Seija’s hand slid down her face. “D-damnit, Shinmy.” She couldn’t hold it back any more. The cloak of misery she wanted to cling to burned away. A long, belly shaking laugh erupted from her mouth. “Forget that dumb game for a second. I want some cake.”
Shinmy whooped in excitement. Shion already started cutting herself a massive slice before Seija could blow out the candles. Tenshi shuddered in anger. “Ugh, this is the worst party ever.”
The surreal scene made Seija laugh all the harder. The day only got better, as it turned out for all her bragging the celestial was just terrible at Reversi. Losing to Seija of all creatures only magnified her frustration, leading to rematch after rematch. By the end she flipped the while table in frustration.
Seija, true to her nature, congratulated her for it-- only for the stuck-up snob to one-up herself by stomping the ceiling until it cracked.

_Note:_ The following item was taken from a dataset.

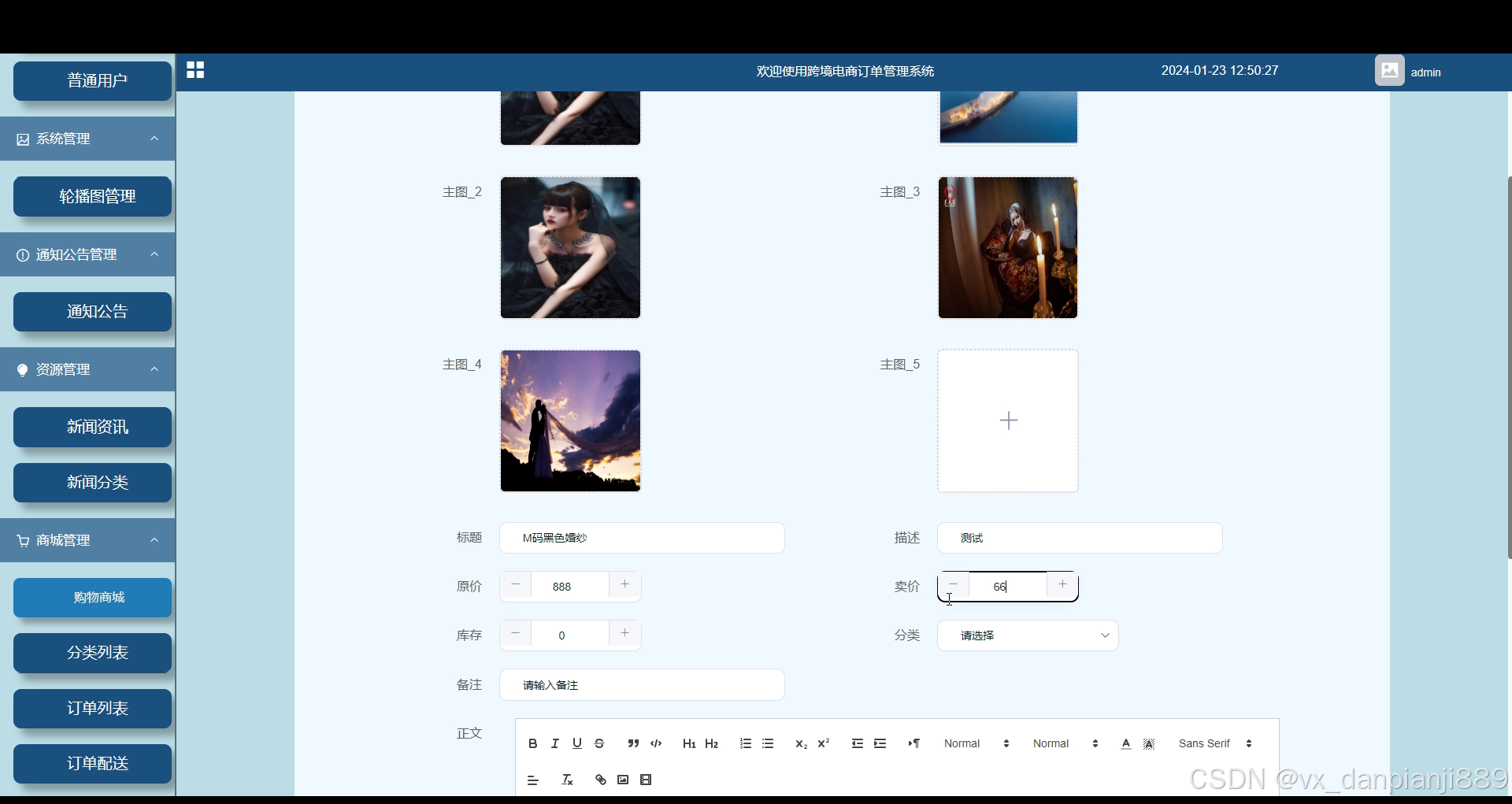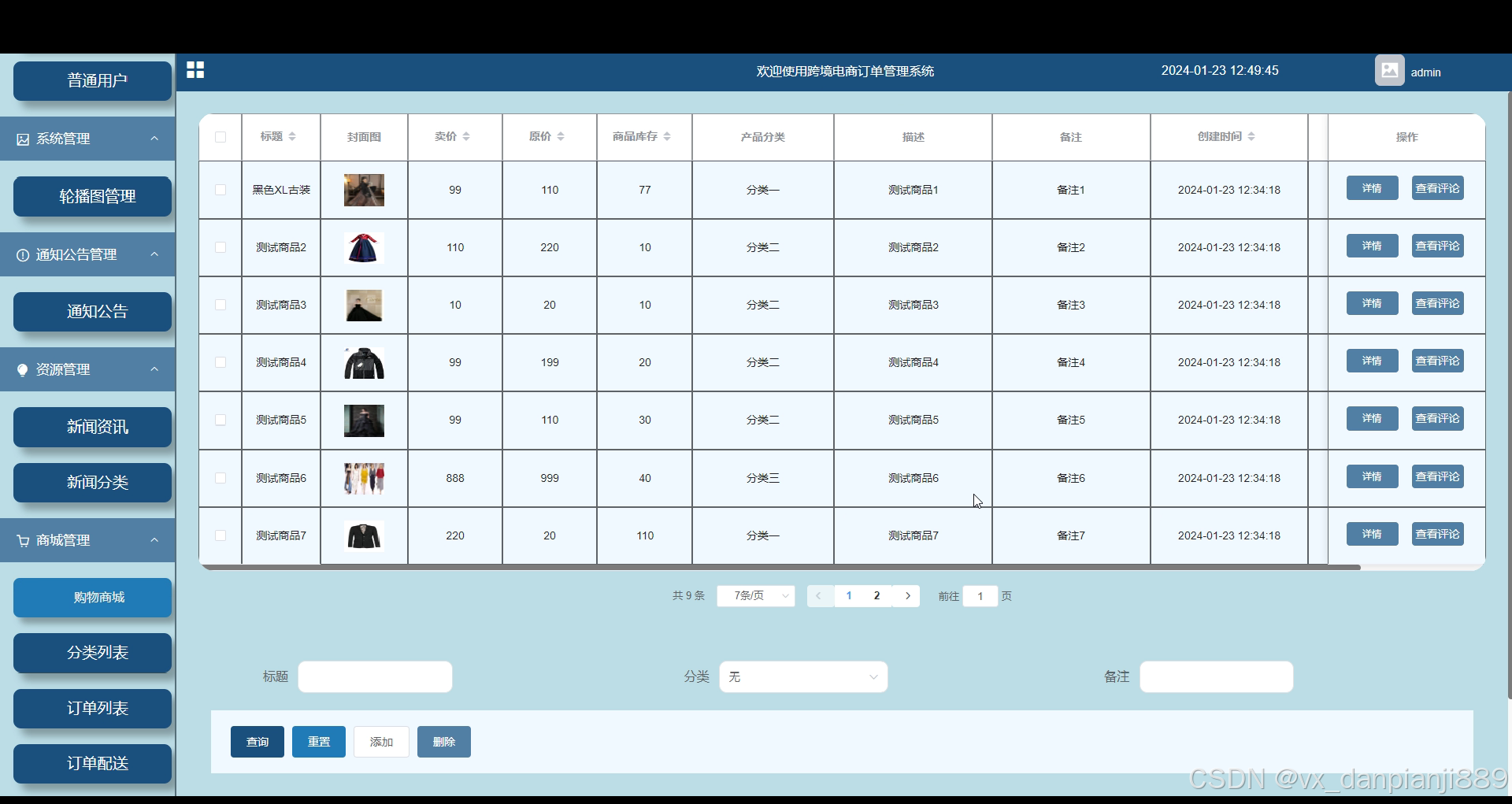购物商城管理:管理商品的信息,包括标题、图片、描述、价格、库存、分类等。管理员可以添加、编辑、删除商品。界面如下图所示。

Hours later, Shion slumped in a corner, patting her engorged stomach containing more than half the cake. Tenshi finally started reading some of the rules to the other games, desperate for something to prove her superiority with. Shinmyoumaru, the architect of it all, laid against Seija’s arm breathing softly.
The amanojaku ascended slowly, careful to let the inchling slide down to sleep atop the seat cushion. With one look back into the room and a smile she couldn’t shake from her face, Seija snuck away.
Hey Mom,
I still don’t know where you are, or if you even care. But for now, I can wait a little longer.
Seija Kijin leaned back from her seat, dropping the brush. What else was there to say? She looked out at the stars hanging far outside her window for an answer.
She sighed.
The warmth still clung her, no matter how much she tried. Just trying to scowl brought back memories of Tenshi’s hilarious tantrums. Or worse, the bright smile on Shinmy’s face. Instead, she resigned herself to the dumb smile on her own face. Folding the paper into a triangle, she flung it out out the window. It fluttered a few meters, before diving downward.
“Hmph.” Seija pointed an index finger down at it, then flicked her hand upward. The white paper twirled before falling upward instead. Seija watched, chin resting in a hand, until it disappeared in the bright silhouette of the full moon.